3 Myths About Breaking U.S. Oil Habit
by William O'Keefe
May 23, 2011
Former Michigan governor Jennifer Granholm is touring the country to promote a national clean energy policy. Working with the Pew Clean Energy Project, she’s pushing Congress to impose a renewable energy mandate, quadruple taxpayer spending on “green” energy research, and increase electric vehicle sales.
Granholm along with others lobbying for renewables regularly cites three points in their attempts to justify a tax dollar funded scramble for any substitutes for oil as a transportation fuel: climate change, energy independence, and scarcity. And each of those areas exhibits serious logical holes.

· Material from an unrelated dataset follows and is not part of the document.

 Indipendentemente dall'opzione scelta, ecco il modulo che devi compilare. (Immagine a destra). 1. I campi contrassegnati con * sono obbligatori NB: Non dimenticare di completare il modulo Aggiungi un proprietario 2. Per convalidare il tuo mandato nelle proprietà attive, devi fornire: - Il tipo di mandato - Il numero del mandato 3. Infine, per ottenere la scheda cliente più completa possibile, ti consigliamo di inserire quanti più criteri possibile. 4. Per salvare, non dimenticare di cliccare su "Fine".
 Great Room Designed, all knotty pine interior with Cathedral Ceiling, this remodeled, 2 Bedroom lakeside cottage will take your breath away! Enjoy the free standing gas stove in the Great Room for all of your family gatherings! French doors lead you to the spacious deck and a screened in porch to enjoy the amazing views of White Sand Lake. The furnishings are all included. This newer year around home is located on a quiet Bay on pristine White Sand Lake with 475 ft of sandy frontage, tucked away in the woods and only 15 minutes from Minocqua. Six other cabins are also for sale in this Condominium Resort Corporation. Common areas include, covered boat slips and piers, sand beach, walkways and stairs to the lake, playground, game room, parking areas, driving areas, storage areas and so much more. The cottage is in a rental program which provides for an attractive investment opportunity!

Those interested in grabbing political power and attempting to leverage it to control economic decisions have wielded the threat of climate change for more than two decades. Like this Saturday’s apocalypse, though, the worst forecasts from their computer modeling have failed to transpire. The Wall Street Journal reported last month the U.N. — back in 2005 — warned we’d see 50 million climate refugees by 2010:
Six years later, this flood of refugees is nowhere to be found, global average temperatures are about where they were when the prediction was made—and the U.N. has done a vanishing act of its own, wiping the inconvenient map from its servers.
In the wake of these kinds of erroneous conjectures as well as the global recession, the climate change juggernaut is now on life support as nations attempt to get their fiscal houses in order. By the time the global economy recovers, the climate change enterprise may be limited to simply continuing the entitlement to those who make a living from conference and research welfare.

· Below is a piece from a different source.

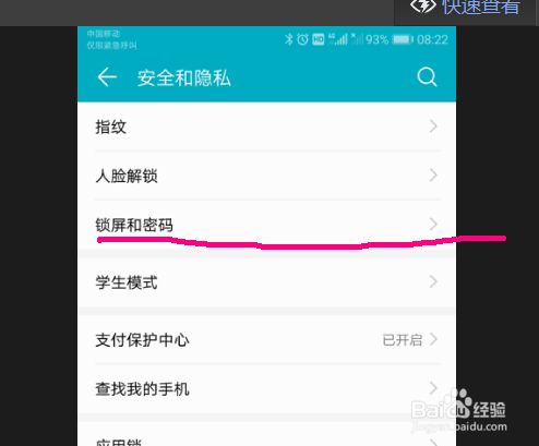 【安全和隐私】界面中找到【锁屏和密码】

The notion of energy “independence” has never made sense. If applied to any other commodity or product, analysts would instantly discredit the idea that America should completely disengage from world markets.
A combination of geological and technological realities means nations in the Middle East — some of which are U.S. adversaries and support terrorists — control much of the global oil supply. This also means that Western countries, to a certain extent, are vulnerable to the whims of those governments such as the 1973-74 Arab oil embargo.

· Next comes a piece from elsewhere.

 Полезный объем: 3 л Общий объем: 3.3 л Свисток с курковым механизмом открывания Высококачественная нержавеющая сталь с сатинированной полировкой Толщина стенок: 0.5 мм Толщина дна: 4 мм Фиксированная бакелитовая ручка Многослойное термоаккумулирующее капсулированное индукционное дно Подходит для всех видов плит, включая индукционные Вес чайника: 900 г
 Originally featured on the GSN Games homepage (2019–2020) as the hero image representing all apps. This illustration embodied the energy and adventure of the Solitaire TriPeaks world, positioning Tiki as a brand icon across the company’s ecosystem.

Even though the concept of total self-sufficiency is unrealistic (and arguably even undesirable), our leaders can still take reasonable steps to insulate our country from these geopolitical events.
In the case of the 1970s oil embargo, Congress established the Strategic Petroleum Reserve — a complex of salt domes with capacity to store enough crude to replace U.S. oil imports for 75 days (727 million barrels). What lawmakers didn’t do was adopt a long-term, rational energy policy that would develop our own resources and invest in a suite of energy technologies. Even so, we have made substantial improvements in efficiency — reducing by 50% the amount of energy and carbon needed to produce a unit of gross domestic product.
There’s a certain conceit to the argument that we’ll soon run out off oil, as it implies that we have an accurate idea of the amount of existing and recoverable natural resources.
At the time of the 1973 embargo, U.S. proven oil reserves totaled about 31 billion barrels. Since then we have produced over 100 billion, but proven reserves have only been reduced to 28 billion. Such are the benefits of technology and new discoveries. The U.S. Energy Information Agency estimates that potential oil reserves, which include unconventional oil, are about 150 billion barrels. We are not about to run out, although economics and technology limits might constrain how much makes sense to produce.
Given oil’s abundance, versatility, and energy density, there’s little prospect that the gasoline engine will become a dinosaur anytime soon. The preferred alternatives to gasoline are electric, natural gas, and biofuel powered vehicles. The problem with electrics is range and cost. The National Academy of Sciences report on battery technology concluded that the cost per KWH given the state of technology was about 4 times greater than needed for batteries to be cost competitive. It saw no breakthroughs on the horizon. Biofuels are similarly constrained by technology and cost. Ethanol remains in the market through subsidies and economical cellulosic technology needed for more biofuel is nowhere in sight. Natural gas is a niche transportation fuel for large, centrally fueled buses and trucks.
Pursuing a broad range of transportation technologies is in our long term interests. But for the next few decades, gasoline and diesel will remain the dominant transportation fuels and improvements in engine technologies reinforce that reality. One example which will be in the U.S. sometime in the near future is a version of the BMW 320 which reportedly gets 57 miles per gallon.